To me, now feels like the best time ever to start thinking about decentralizing nix: with the whole NixOS foundation drama, I have no confidence that its infrastructure is going to last long-term and that the community will be able to successfully take over its administration in case it collapses. If NixOS was a decentralized zero-trust system to start with, then its administration would have no power and it would need next to no infrastructure to be maintained, because each willing user would host a part of it.

monadam · July 16, 2024, 10:28am

Hypothetically, yes, a collapse would certainly motivate development of decentralized build system. However, this seems unlikely to happen in the foreseeable future. It would be more effective to appeal to something like faster build times.

srd424 · July 16, 2024, 12:38pm

I doubt the current community & infra would fall apart overnight - and I say that as someone who is pretty supportive of the efforts of the various “splinter groups.” There’s a lot of people still ‘here’ and a fair number of companies with some technological investment. I think a reasonable worst case scenario would be a slow decline, which would allow plenty of time to investigate alternatives.

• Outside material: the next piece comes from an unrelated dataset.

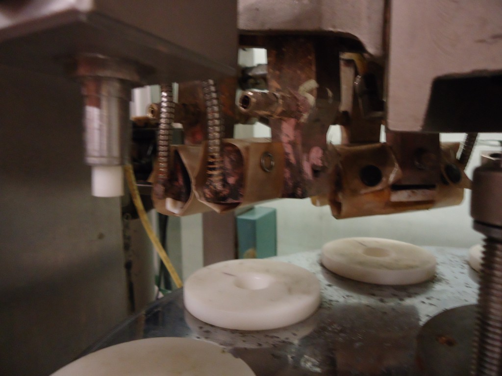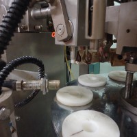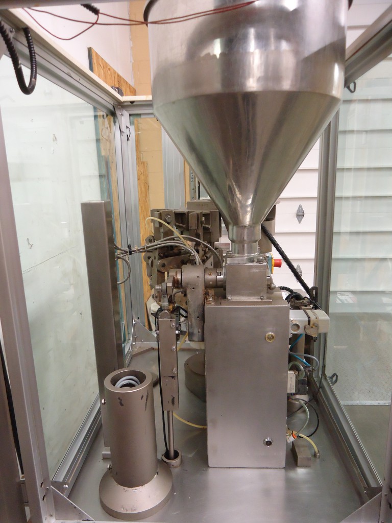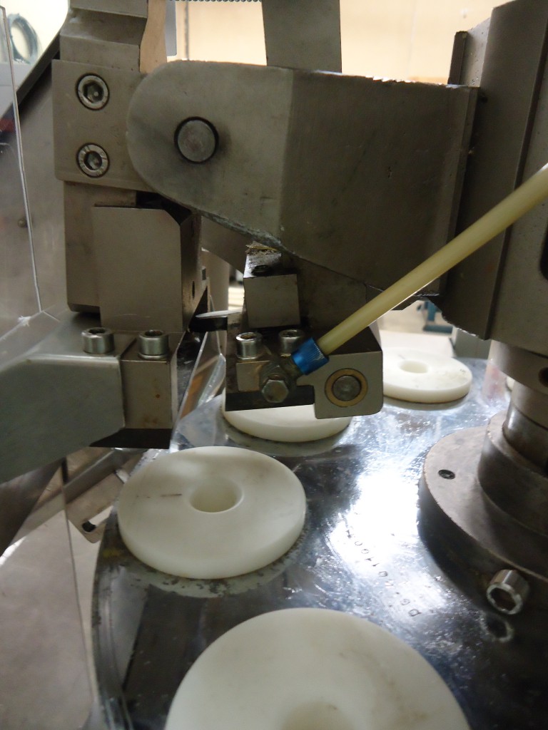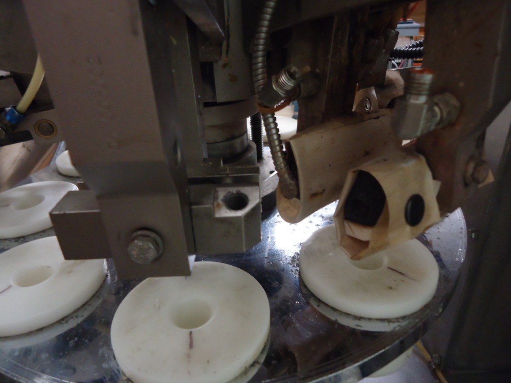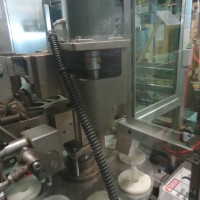 9 station manual load rotary tube filler. The hopper is 16.75" diameter x 22" deep. It has a photo eye for no tube no fill. The first station taps down the tube to make sure it's down all the way. It then gets filled. After that there are 2 stations for sealing the tube. Each jaw has it's own digital temperture controls. The next station trims the access plastic, and finally a date stamper before getting ejected. Comes with a few numbers for the stamp coder. There are lockouts on the doors and an emergency stop. Comes with a few spare parts, an extra piston and 4 boxes of pucks for many shapes and sizes of tubes (19.5mm, 20mm, 18.6mm, 23mm, 25mm, 32.5mm, 40mm, plus oval shaped pucks). In good working condition. Last used in a cosmetic facility filling 25 ml tubes.

There are already a few people thinking about alternatives, whether centralized or decentralized. It’s also worth noting that even with a centralized approach, different decisions could be made around what to build and what to store that would reduce costs and still be useful (e.g. it’s nice to keep a lot of binary ‘history’ around but not actually necessary for day-to-day use.)

I agree at the moment the lack of immediate necessity probably means people are less motivated to put effort into decentralized solutions, but there’s also stuff like ca-derivations that if fully implemented/deployed would make them substantially easier, so people may be holding fire a bit.

TBH I feel the design of nix pretty goes some way to allowing this already, in the sense that you can just checkout nixpkgs and be able to build everything yourself - it’s just inconvenient, and until recently at least hasn’t seemed necessary.

waffle8946 · July 16, 2024, 1:10pm

Especially since hydra is run on the most expensive option of them all

Do you mean CA derivations, more efficient compression, or something else?

Also, IMO we’d benefit from the mirror model, like every other Linux distro, rather than basically half the world being unable to use NixOS effectively due to reliance on Fastly POPs. (I’m aware of the TUNA mirrors, but still…)